* Data supplied:
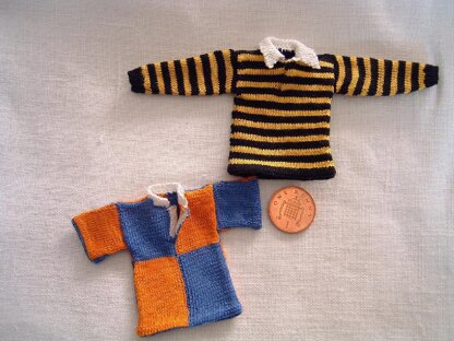 1:12th scale pattern for Men’s Rugby shirts for 15 cm tall dolls house dolls.
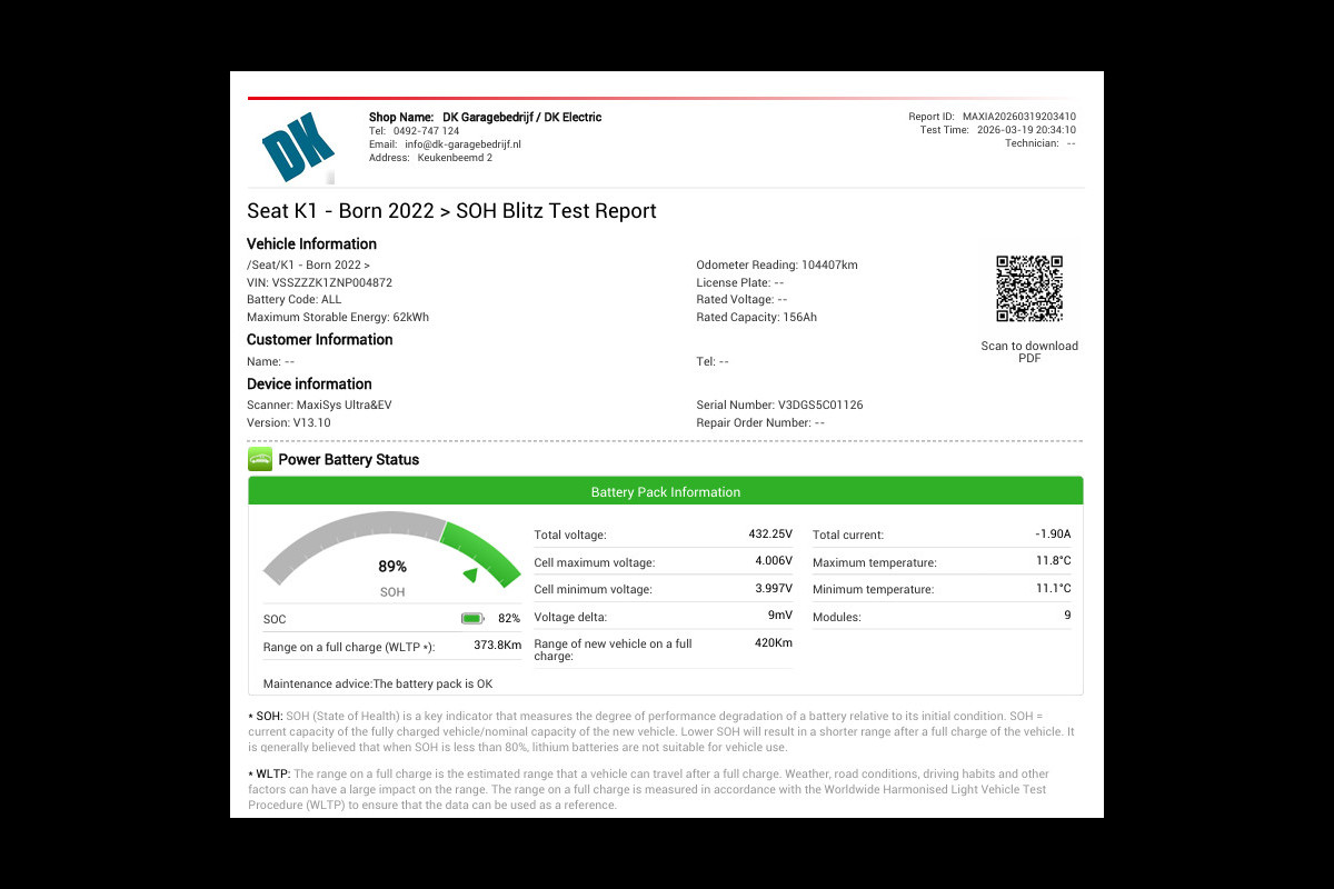 Accu: 58 kWh, Conditie: 89%
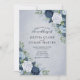 Um elegante design de aquarela vintage de grandes rosas em tons deslumbrantes de marinho azul, branco e rico sobre um fundo azul empoeirado. A parte traseira da placa apresenta um pequeno buquê no centro. Você pode personalizar com seus detalhes de casamento clicando no link personalizar. Isto é parte de uma suite de casamento clássica que pode ser totalmente personalizada.
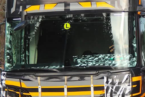 Ook in het interieur lijken de nodige veranderingen te zijn doorgevoerd. Bij eerdere testmodellen was nog een dashboard te zien dat sterk leek op het huidige ontwerp. Maar bij de geel-zwarte versies is nu het hele dashboard gecamoufleerd. Dat wijst erop dat ook binnenin iets nieuws op komst is. Op basis van de contouren vermoeden we dat vooral het deel voor de chauffeur minder afgerond is dan voorheen. Het dashboard aan de bijrijderskant toont opvallend laag, een beetje zoals we dat bij de nieuwe generaties DAF’s kennen. Mogelijk speelt Scania hiermee alvast in op de strengere eisen voor direct zicht, die over een paar jaar in Europa van kracht worden.
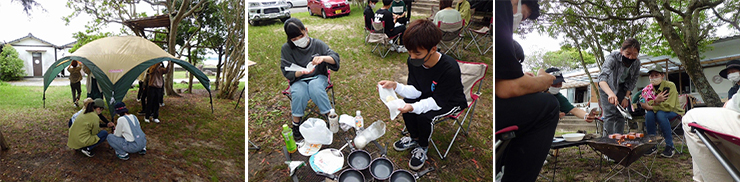 当日は杵築市住吉浜リゾートパークに集合し、タープ、ハンモックなどの設置演習 ・焚火演習・エコクラフト演習などを体験研修しました。学生たちは、ABC野外教育センタースタッフの丁寧な指導により、野外活動の技術だけでなく、子ども達の安全確保、大学生同士の協力体制、コミュニケーションなど多くのことを学びました。
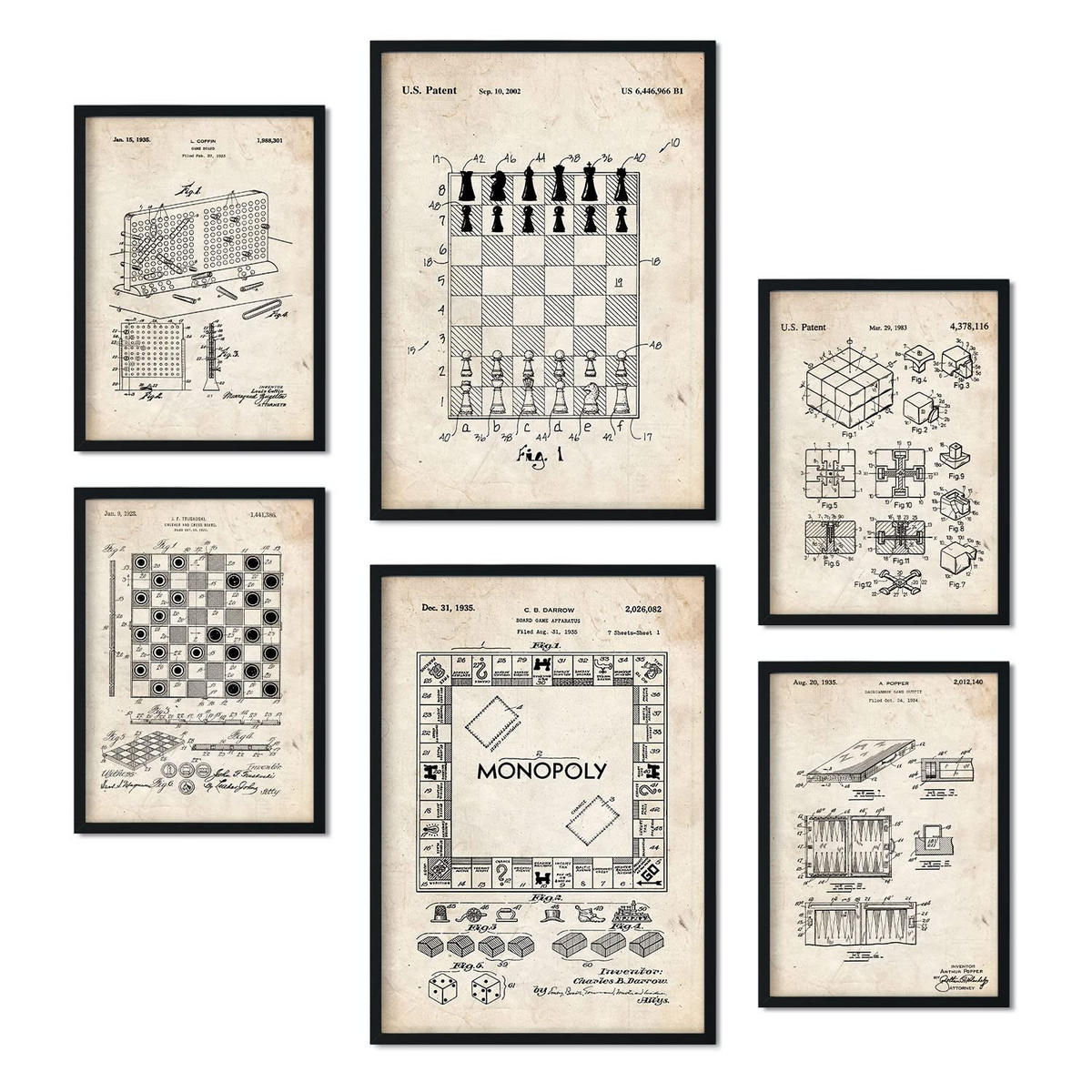 POSTER Set Mit 6 Plakaten Mit Brettspiel Patenten Im Vintage Stil A3 & A4 Schwarzer Rahmen - Schwarz, Papier (29/3cm) - NacnicNacnic
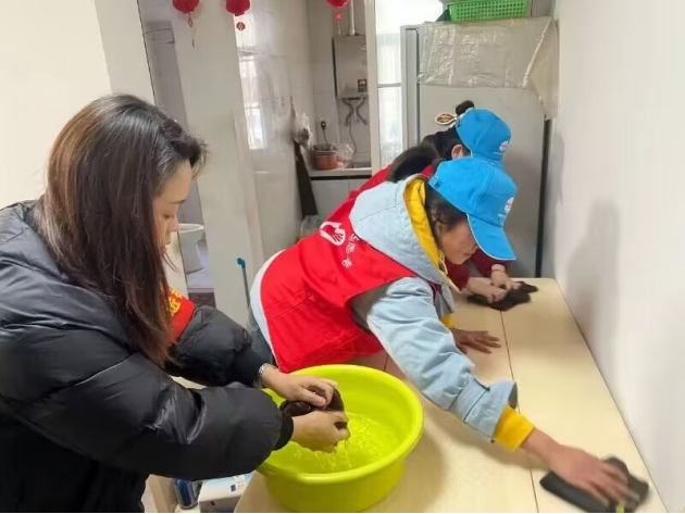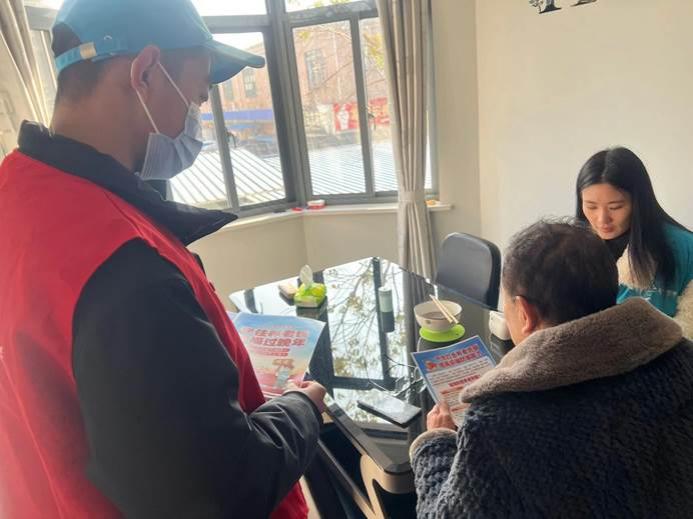 青年志愿者协会寒假实践队在马鞍山市江东街道金瑞社区、乔山社区与社区工作者一同拜访独居老人与残障人士,帮助他们清扫房屋,同时在小区内进行防范网络电信诈骗安全知识宣传。
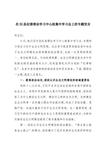 / 【七哥公文】2025年:在XX县纪委理论学习中心组集中学习会上的专题发言+更多免费公文+VX:QiGeGongWen2024

* What to produce: Find the line with "Ook in het interieur" in the entries above. Set down exactly every line from it up to and including the line with "POSTER Set Mit", images excluded.

* Solution for this problem:
 Ook in het interieur lijken de nodige veranderingen te zijn doorgevoerd. Bij eerdere testmodellen was nog een dashboard te zien dat sterk leek op het huidige ontwerp. Maar bij de geel-zwarte versies is nu het hele dashboard gecamoufleerd. Dat wijst erop dat ook binnenin iets nieuws op komst is. Op basis van de contouren vermoeden we dat vooral het deel voor de chauffeur minder afgerond is dan voorheen. Het dashboard aan de bijrijderskant toont opvallend laag, een beetje zoals we dat bij de nieuwe generaties DAF’s kennen. Mogelijk speelt Scania hiermee alvast in op de strengere eisen voor direct zicht, die over een paar jaar in Europa van kracht worden.
 当日は杵築市住吉浜リゾートパークに集合し、タープ、ハンモックなどの設置演習 ・焚火演習・エコクラフト演習などを体験研修しました。学生たちは、ABC野外教育センタースタッフの丁寧な指導により、野外活動の技術だけでなく、子ども達の安全確保、大学生同士の協力体制、コミュニケーションなど多くのことを学びました。
 POSTER Set Mit 6 Plakaten Mit Brettspiel Patenten Im Vintage Stil A3 & A4 Schwarzer Rahmen - Schwarz, Papier (29/3cm) - NacnicNacnic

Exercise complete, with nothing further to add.